3) I did my own personal TT the other day on a 10 mile flat course (no aerobars, just riding in the drops on my normal road bike) and averaged 22.6 mph. I didn't warm up sufficiently (about 10 minutes) before going that hard. So I'm thinking if I had clip ons, and I warm up more properly, I should at least be able to get that up to 23 mph. So it seems like I would at least be able to hang with the cat 4/5s, no?


----------



## asgelle (Apr 21, 2003)

*A few more questions:*

Instead of wondering about how your speed compares to others (I can guarantee you are not the fastes or slowest rider in the country), have you worked on things that improve your placing. Have you timed yourself in different gear combinations for the first 200m at race effort to determine your best starting gear. Similarly, have you practiced turn-arounds with braking and accelerating back up to speed in different gears so you can make the turn as fast as possible. These are things that might make a difference.


----------



## TurboTurtle (Feb 4, 2004)

asgelle said:


> Instead of wondering about how your speed compares to others (I can guarantee you are not the fastes or slowest rider in the country), have you worked on things that improve your placing. Have you timed yourself in different gear combinations for the first 200m at race effort to determine your best starting gear. Similarly, have you practiced turn-arounds with braking and accelerating back up to speed in different gears so you can make the turn as fast as possible. These are things that might make a difference.
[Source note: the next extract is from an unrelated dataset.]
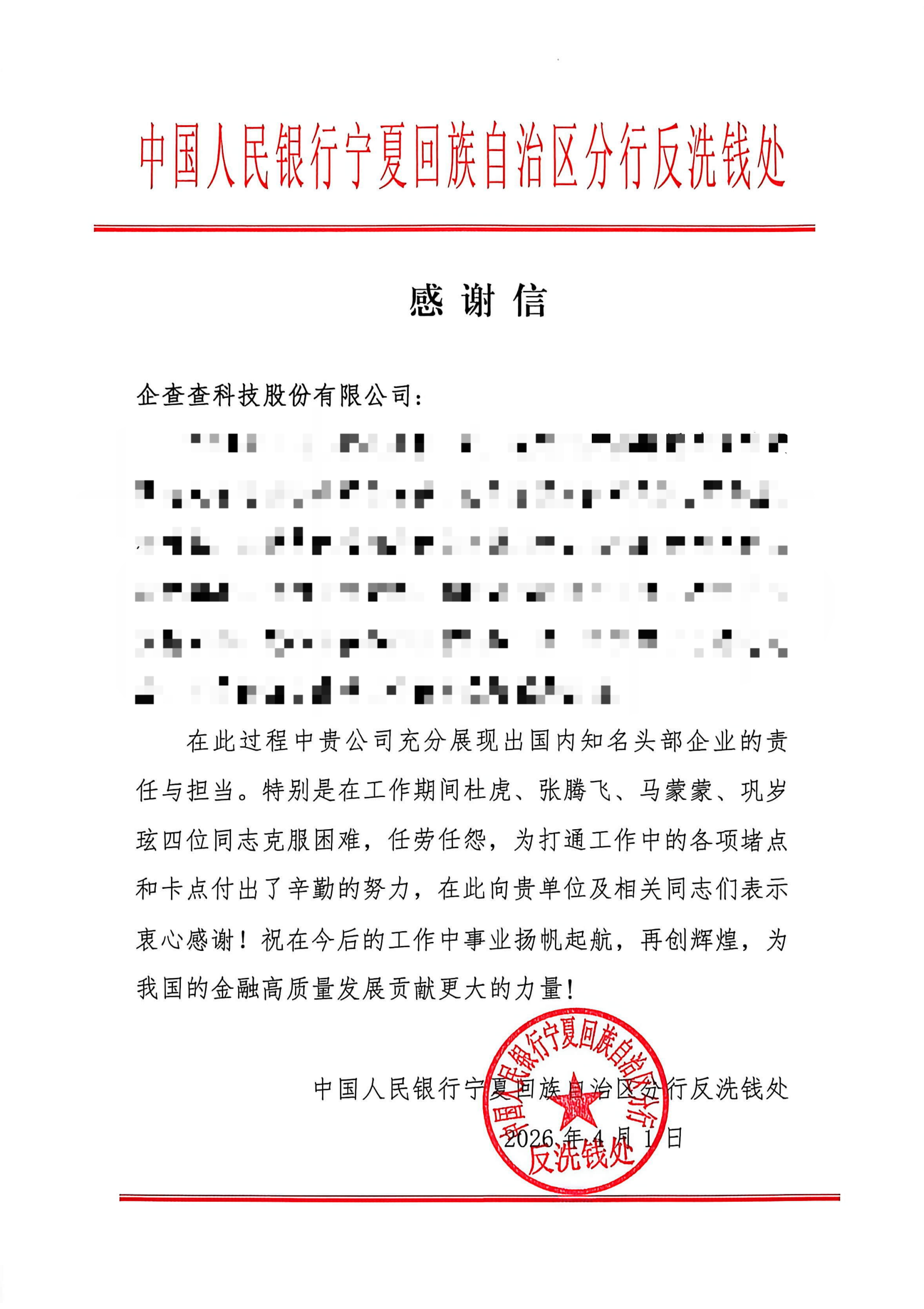 近日,企查查收到中国人民银行宁夏回族自治区分行反洗钱处发来的感谢信,对其在一项紧急任务中凭借科技实力提供的鼎力支持表示衷心感谢。信中指出,企查查在任务中充分展现出国内知名头部企业的责任与担当,其AI技术赋能下的服务能力,有力保障了工作任务的圆满完成。作为国内领先的企业信用信息查询平台,企查查将AI算法深度融入多维数据分析体系,通过智能建模、风险识别、股权穿透等核心技术,构建起高效的科技反诈支撑体系,已成为助力各地反诈、反洗钱工作的重要技术力量,在全国范围内形成了多个可复制、可推广的科技反诈应用案例。

Speaking of starts and turn arounds, how much effort do you put into the accelerations? Do you go highly anaerobic to minimize the time at slow speeds and accept the recovery pace required after. Or do you just stay constant near LT throughout the entire TT? - TF


----------



## asgelle (Apr 21, 2003)

TurboTurtle said:


> Speaking of starts and turn arounds, how much effort do you put into the accelerations? Do you go highly anaerobic to minimize the time at slow speeds and accept the recovery pace required after. Or do you just stay constant near LT throughout the entire TT? - TF


That depends on the course profile and strongly on the individual. If you subscribe to the Monod Critical power paradigm, you have critical steady state power onto which is added the total anaerobic work content. At the end of the TT, the rider should have done total work equal to the critical power times ride time plus anaerobic work content. How that anaerobic work is portioned out during the race depends on how much work is available and if there are any places where recovery is possible (downhills). The best way to figure this out is by trial and error. Testing and modeling with something like analyticcycling.com can reduce the amount of trial and error needed. Biketech review has several good articles on TT pacing and Eddie Monnier has some good article on Monod Critical power.


----------



## bigbill (Feb 15, 2005)

BenWA said:


> I have a few more questions for the experienced time trialists out there:
> 
> 1) how much warm up do you do? I've heard 45+minutes with a couple of hard intervals before a TT...is that about right?
> 
> ...


I try not to look at a computer except to note the distance. I work out the gearing and how the cadence feels beforehand on training rides. On a flat time trial, I would use a 53X14 for most part and try to maintain a 90-100 cadence. For a 23 minute effort, I would ride for 30-45 minutes and do a hard effort on the rollers for 15 minutes to arrive at the start as late as the officials would allow. Don't forget to set your watch against the first rider off since it will determine the actual start time for you. I don't know that I have ever seen a TT start exactly on time, but I have failed to time my warmup more times than I care to think about. If you can get to the start line loose and sweaty, you can avoid the "mile one lag" that can torpedo your short TT effort. 
As other people have stated in the past, TT speeds don't always translate into racing success. There are many people who are flat out fast on an extended efforts, but can't handle the accelerations or strategy of crits and road races. Get strong and work on your interval type riding. Riding TTs is an art and working on the other aspects of racing won't diminish your ability to ride against the clock.


----------



## BenWA (Aug 11, 2004)

asgelle said:


> (I can guarantee you are not the fastes or slowest rider in the country)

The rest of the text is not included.